C'est non sans émotion que je partage la décision rendue ce jour par le Conseil d'État après pourvoi en cassation formé par l'association Biodiversité sous nos pieds, dont je suis co-Président, contre l'ordonnance rendue par le tribunal administratif de Grenoble le 16 novembre 2022.
Il y a quasiment 4 ans jour pour jour, en effet, Biodiversité sous nos pieds naissait à l'IEP de Grenoble sous l'initiative d'une poignée d'étudiants. Jamais nous n'aurions imaginé remporter un pourvoi devant la juridiction dont nous apprenions à peine le fonctionnement et les arrêts les plus illustres.

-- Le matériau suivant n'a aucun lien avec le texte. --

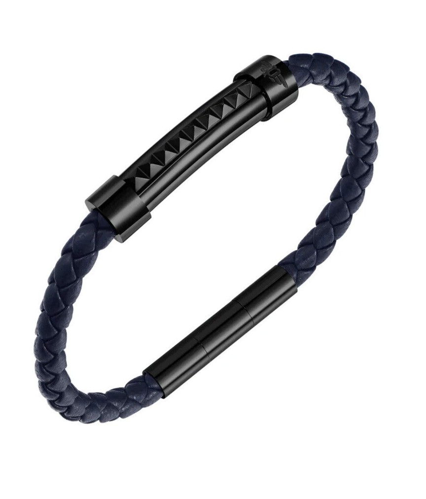 Police Tmavo modrý kožený náramok Rock Rebel PEAGB0001411/2 18 cm

L'émotion laissant place à l'analyse, il convient de rappeler que le TA de Grenoble avait rejeté, pour défaut d'urgence, notre demande de suspension d'un arrêté du préfet de la Haute-Savoie autorisant la destruction de 46 espèces animales protégées en vue de la restructuration du domaine skiable de Rochebrune à Megève.

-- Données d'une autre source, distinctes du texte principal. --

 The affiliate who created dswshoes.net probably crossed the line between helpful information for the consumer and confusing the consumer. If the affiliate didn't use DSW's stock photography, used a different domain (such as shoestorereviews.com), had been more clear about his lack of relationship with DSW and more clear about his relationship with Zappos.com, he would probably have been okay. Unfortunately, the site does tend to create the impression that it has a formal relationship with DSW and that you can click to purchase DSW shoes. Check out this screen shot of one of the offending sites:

L'article L. 521-1 du code de justice administrative exige en effet deux conditions pour que la suspension d'une décision administrative puisse être ordonnée : une situation d'urgence (i) et un moyen propre à créer un doute sérieux quant à la légalité de ladite décision (ii).
Or, le juge des référés du TA de Grenoble avait, en l'espèce, retenu qu'eu égard l'état d'avancement des travaux (travaux préparatoires de terrassement et de génie civil déjà achevés, défrichement déjà réalisé pour près de 90% de la surface autorisée), l’atteinte aux espèces protégées était déjà très largement consommée, de sorte que la condition d’urgence ne pouvait plus être regardée comme remplie.

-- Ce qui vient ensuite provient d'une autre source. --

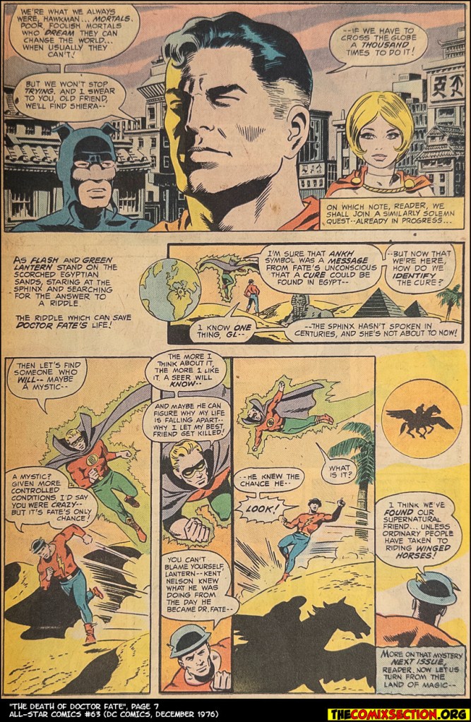 If only there were a deus ex machina to resolve it. Unexpectedly, it comes a page after filler about Green Lantern and the Flash being in Egypt—at Fate’s subconscious request—to find a cure. There’s also a silly bit with Flash making fun of “mystics,” even though Dr. Fate’s a literal sorcerer and Green Lantern has a magic ring. It’s not so much the internal logic of All-Star not making sense, it’s Levitz not even acknowledging it should.

C'est précisément ce critère de "l'état d'avancement des travaux" qui a provoqué la censure de la part du juge de cassation. En effet, le Conseil d'État a annulé l'ordonnance sous l'angle de l'erreur de droit (point 7).
Autrement dit, le Conseil d'État a jugé que ce critère de "l'état avancé des travaux" n'était pas pertinent, qu'il ne pouvait être utilement utilisé pour appliquer l'article L. 521-1 du CJA en matière de dérogation espèces protégées.
Selon le Conseil d'État, le juge des référés devait davantage, au regard de notre argumentation, "examiner si l’impact des travaux restant à effectuer sur les espèces protégées pouvait conduire à regarder la condition d’urgence comme remplie".
Il s'agit à mon sens d'une décision à mettre relation avec deux précédents CE, 3 juill. 2020, n° 430585 et CE, 14 déc. 2022, n° 462280, par lesquels le Conseil d'État, réglant lui-même les affaires au fond, avait décidé que le fait que des travaux ou des aménagements aient déjà été réalisés ne s'oppose pas à ce que la condition d'urgence puisse être regardée comme remplie au sens de l'art. L. 521-1 du CJA.
Espérons que ces décisions viennent éviter toute "tentation" (Dorian Guinard) des porteurs de projet et de l'administration de réaliser les travaux le plus rapidement possible afin de faire échec aux requêtes en référé-suspension des associations dirigées contre les dérogations EP.